Another strong message to come out of the mobile money talks and presentations at Africa.com is that cash is still king in Africa.

In his presentation Brian Richardson from Wizzit brought up the point that despite how much success mobile money might have had in Africa, cash is still 80% of retail.

He suggests that the only real possibility is to aim for a ‘cash less’ society, one where the overall reliance on cash is greatly lessened, as it is not likely we will never fully achieve a ‘cashless’ system.

He also highlighted the six main challenges to the adoption of alternative payment methods:

Regulations – In order to have a mature electronic commerce system there must be an equally mature regulatory system around it.
Technology adoption – Both businesses and consumers must have the necessary technology to access and use an electronic commerse system, be it credit card machines or cell phones.
Education – language barriers, literacy and numeracy are all issues that must be addressed.
Distribution and sales – for any alternative to cash to have any kind of traction it must have an extremely wide distribution network.
Customer support – people need to be taught how to use any new electronic payment system, they must become familiar and comfortable with it if it is ever going to replace cash.
Marketing – people need to know about the alternaives to cash.

Shaibu Haruna from MTN Uganda also made the point during discussions that it is common to see MNOs use Mobile Money as a VAS, where in fact they need to realise that mobile money is actually a completely different product which requires different things to go to market.

While Mobile Money has seen good uptake in services such as airtime top up and P2P money transfers a lot needs to be done to take it further.

It is also important to note that MNOs are finding that it is the high value customers that are seeing the benefit of Mobile Money.

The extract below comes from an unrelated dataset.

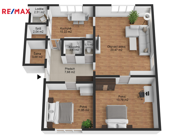kuchyně 10,22 m², obývací pokoj 20,47 m², pokoj 13,79 m², pokoj 11,95 m², koupelna 2,40 m², WC 0,73 m², chodba 7,68 m², komora 3,68 m², spíž 2,04 m², lodžie 2,51 m² a sklep 7,39 m² (viz půdorys v nabídce).

Although it was touted as a solution for the unbanked it is the customers who were already banked that are getting the most use out of it, to them it is just another stream by which they can manage their money.

A general agreement that came out of discussions was that while Mobile Money is a great innovation with great potential, just making it available is not enough, you need to not only educate people about the service but convince them that it is better than cash.

There needs to be a lot more education around what mobile money is and how it works. Many people are saying they don’t use it because they don’t know how. Cash has the advantage of being very easy to use and understand. For alternative payment methods to ever become truly ubiquitous you have to overcome the psychological preference for cash.